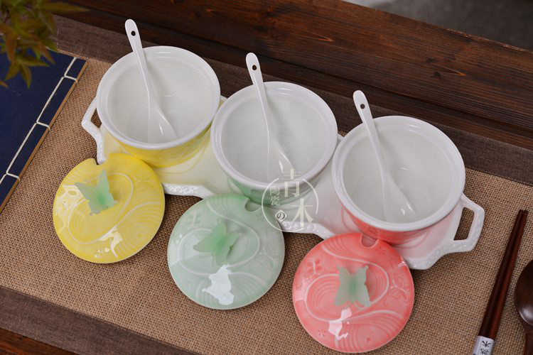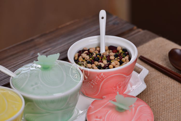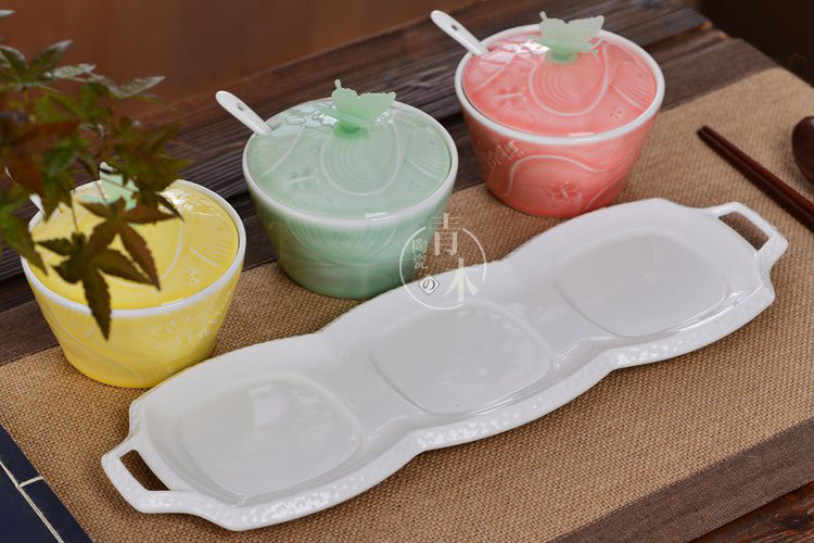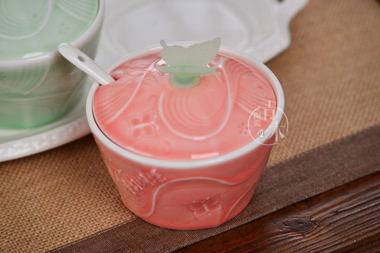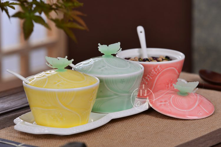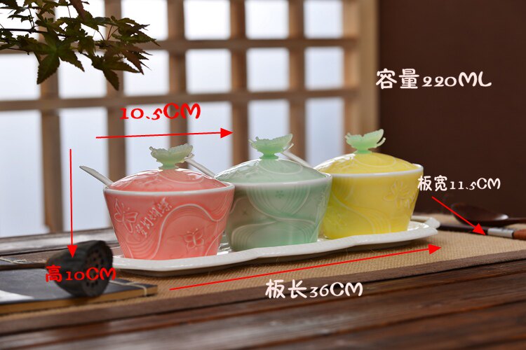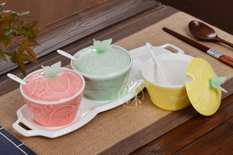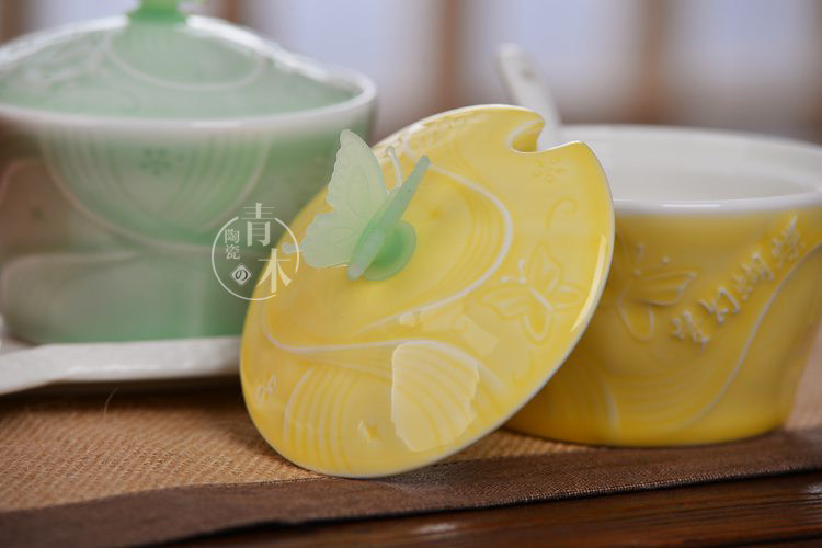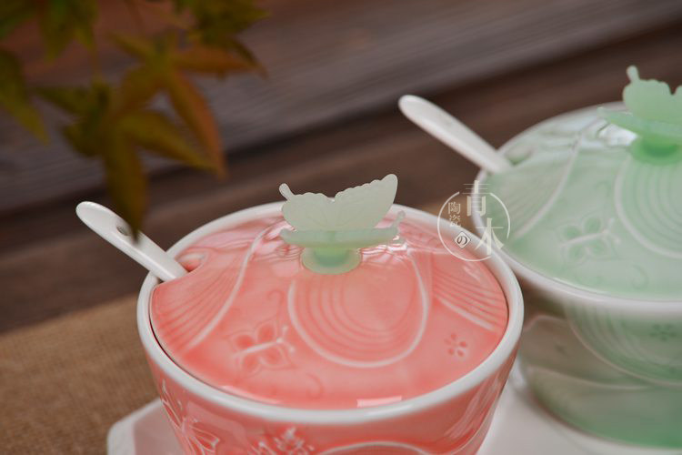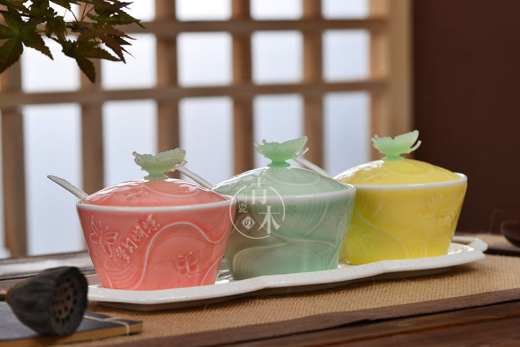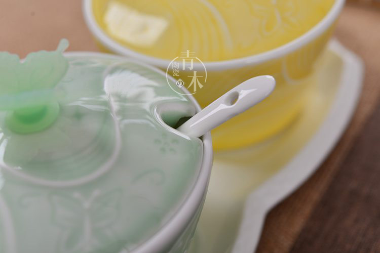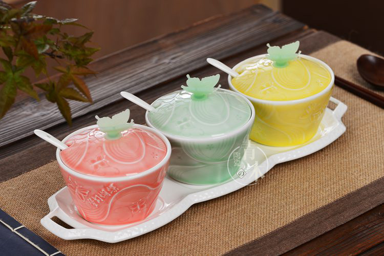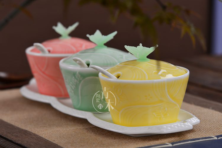欧式创意蝴蝶浮雕调味瓶盐罐 厨房调味罐套装 陶瓷调味盒 调料盒
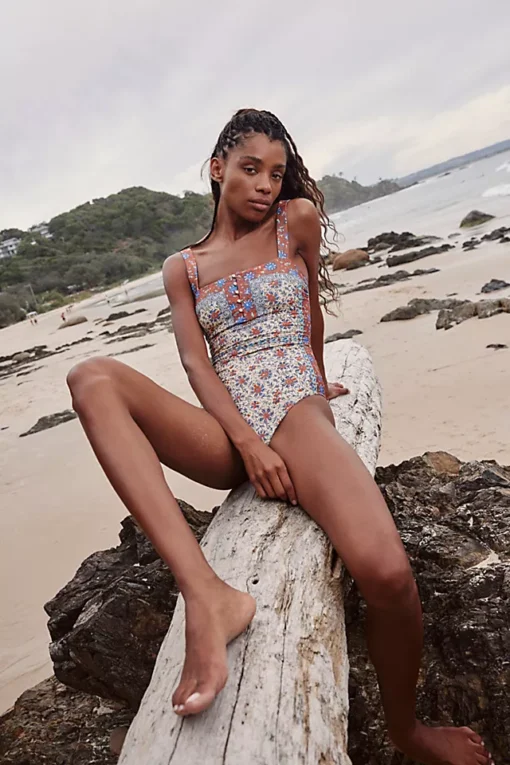 Features: Soft printed fabrication. square neckline. fixed shoulder straps. buttons at center front. shelf bra for added supportive. removeable cups. moderate cut legs
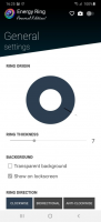 Energy Ring – утилита для ОС Android, которая позволяет использовать кольцо вокруг фронтальной камеры в качестве индикатора уровня заряда. Можно активировать анимацию, а также выбрать цвет каждого сегмента. Данная функция позволяет выделить свой смартфон среди других и использовать нестандартный способ получения информации о разряде батареи.
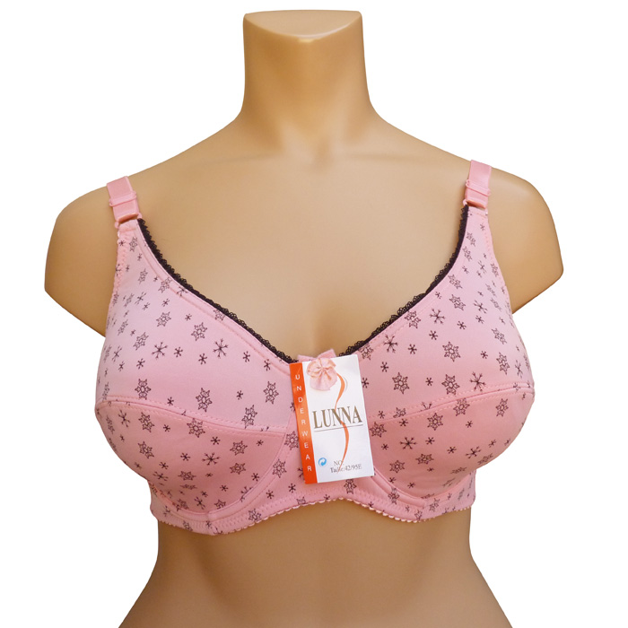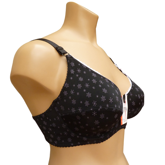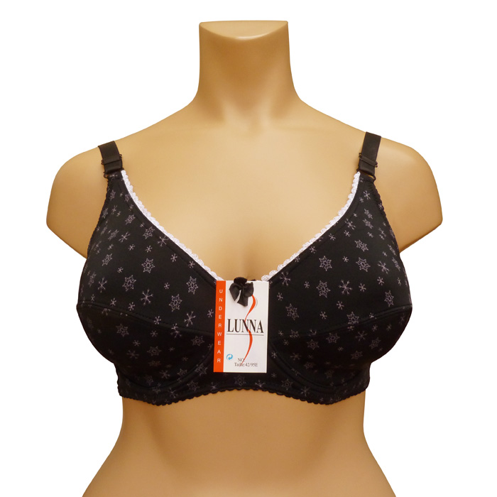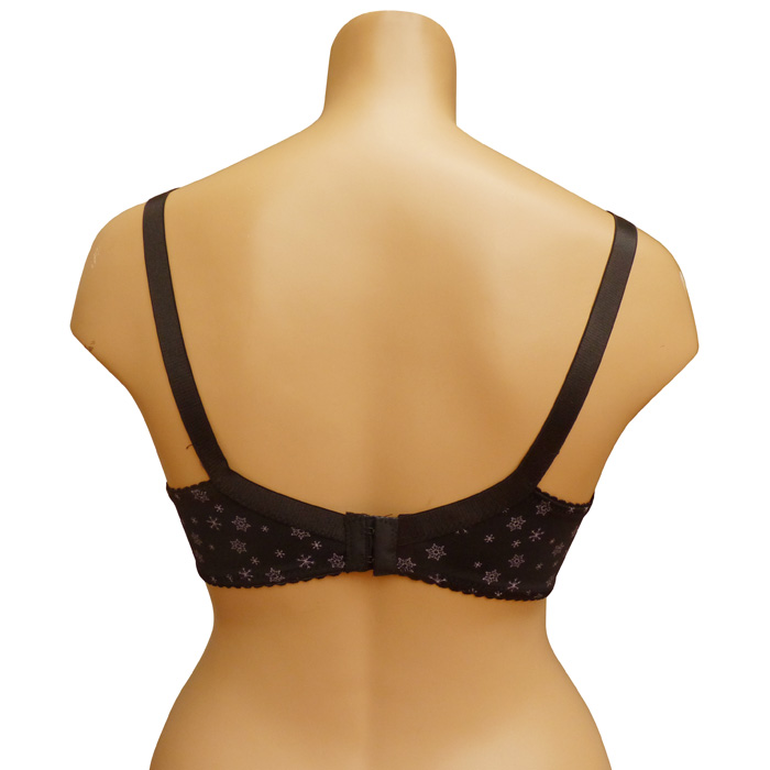 Soutien gorge grande taille bonnet E, non rembourré avec armatures. Tissu extensible et confortable, Imprimé étoiles noires sur l'ensemble du soutien gorge. Soutien gorge dentelé sur la partie supérieure. Bretelle règlables, non amovibles. Fermeture dos 2 agrafes, 3 positions d'accroche. 6 tailles : 95E au 120E.
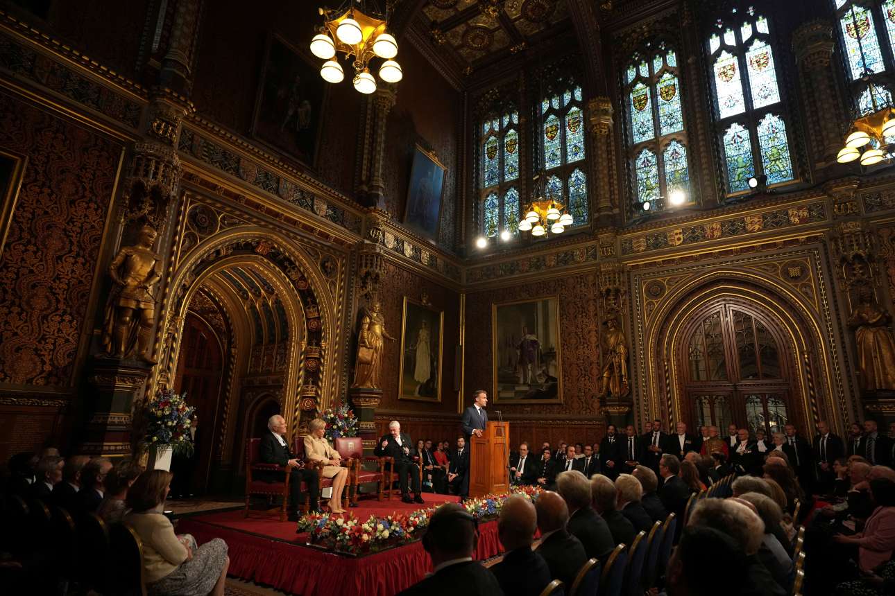 O Μακρόν απευθύνθηκε στα μέλη και των δύο σωμάτων του βρετανικού Κοινοβουλίου, συγκεντρωμένα στη μεγαλοπρεπή Αίθουσα του Βασιλικού Γκαλερί. Δήλωσε ότι οι δύο χώρες εκπροσωπούν «μια παγκόσμια τάξη βασισμένη στο δίκαιο, τη δικαιοσύνη και τον σεβασμό της εδαφικής ακεραιότητας — μια τάξη που σήμερα δέχεται καθημερινές επιθέσεις».
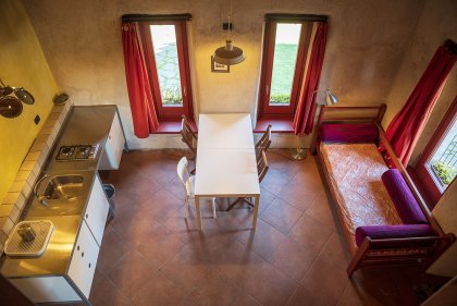 Chestnut wood, cocciopesto from Piasco, solar heating, vegetal insulation, rainwater collection and vegetable based detergents all help us to lighten our impact on the surrounding environment.
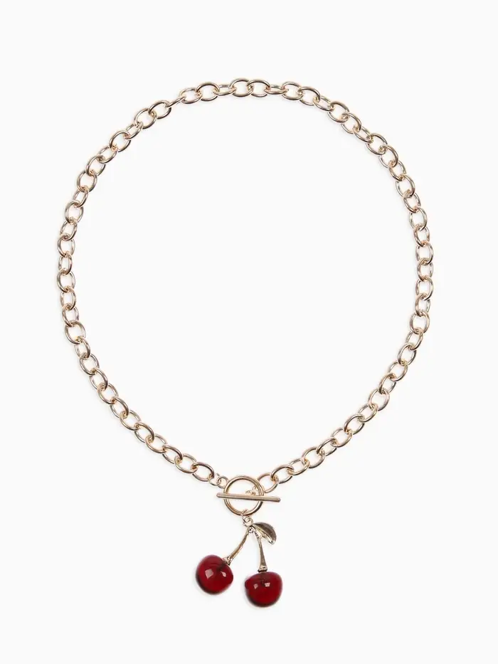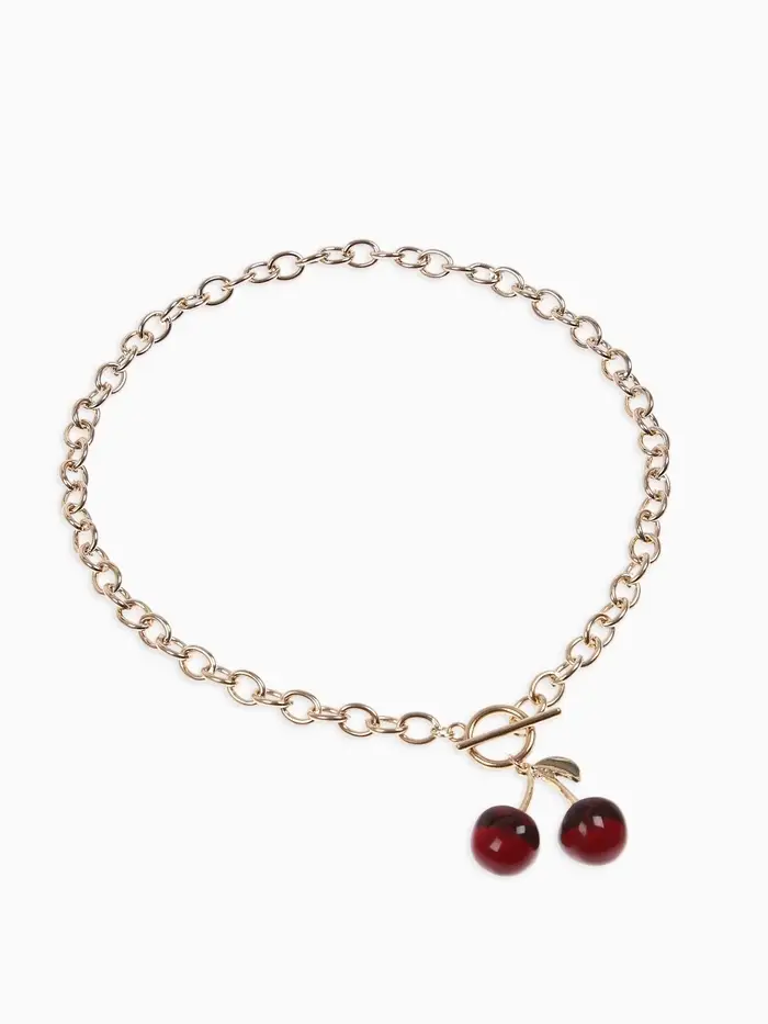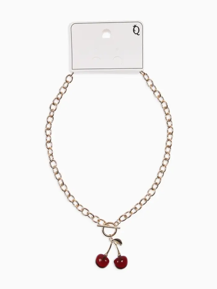 Кулон-цепь крупная "Вишня", цвет красный в золоте 40+удл
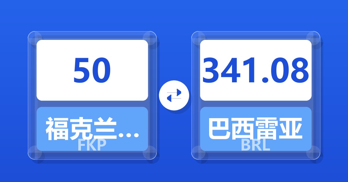50 福克兰群岛镑 (FKP) = 342.32 巴西雷亚尔 (BRL)
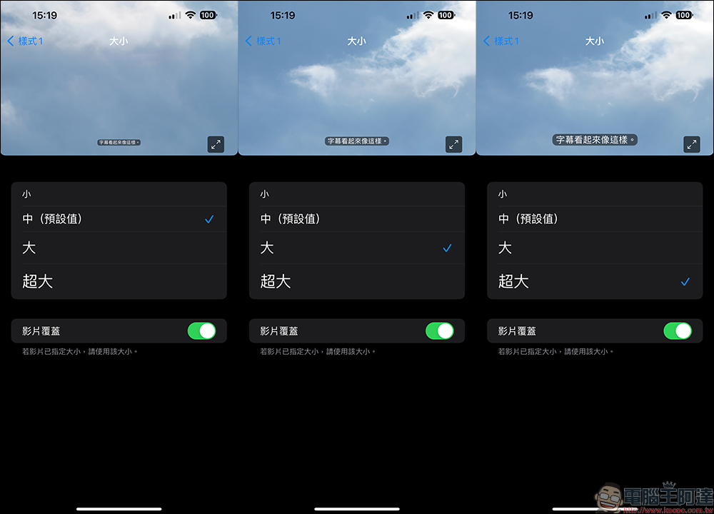 字幕的文字部分,可以選擇不同的字體樣式、大小與顏色,如果沒有下載其它字體則是直接沿用系統內建的字體作為字幕。其實滿推薦大家幫助自己家中的長輩設定一下這功能的,讓他們往後觀看影片時有更大的字幕、看得更清楚。

* [Action item]: The line containing "Soutien gorge grande" marks the end: retype every line from the first one in the listing up to and including it, without pictures.

* [Solution for this problem]:
欧式创意蝴蝶浮雕调味瓶盐罐 厨房调味罐套装 陶瓷调味盒 调料盒
 Features: Soft printed fabrication. square neckline. fixed shoulder straps. buttons at center front. shelf bra for added supportive. removeable cups. moderate cut legs
 Energy Ring – утилита для ОС Android, которая позволяет использовать кольцо вокруг фронтальной камеры в качестве индикатора уровня заряда. Можно активировать анимацию, а также выбрать цвет каждого сегмента. Данная функция позволяет выделить свой смартфон среди других и использовать нестандартный способ получения информации о разряде батареи.
 Soutien gorge grande taille bonnet E, non rembourré avec armatures. Tissu extensible et confortable, Imprimé étoiles noires sur l'ensemble du soutien gorge. Soutien gorge dentelé sur la partie supérieure. Bretelle règlables, non amovibles. Fermeture dos 2 agrafes, 3 positions d'accroche. 6 tailles : 95E au 120E.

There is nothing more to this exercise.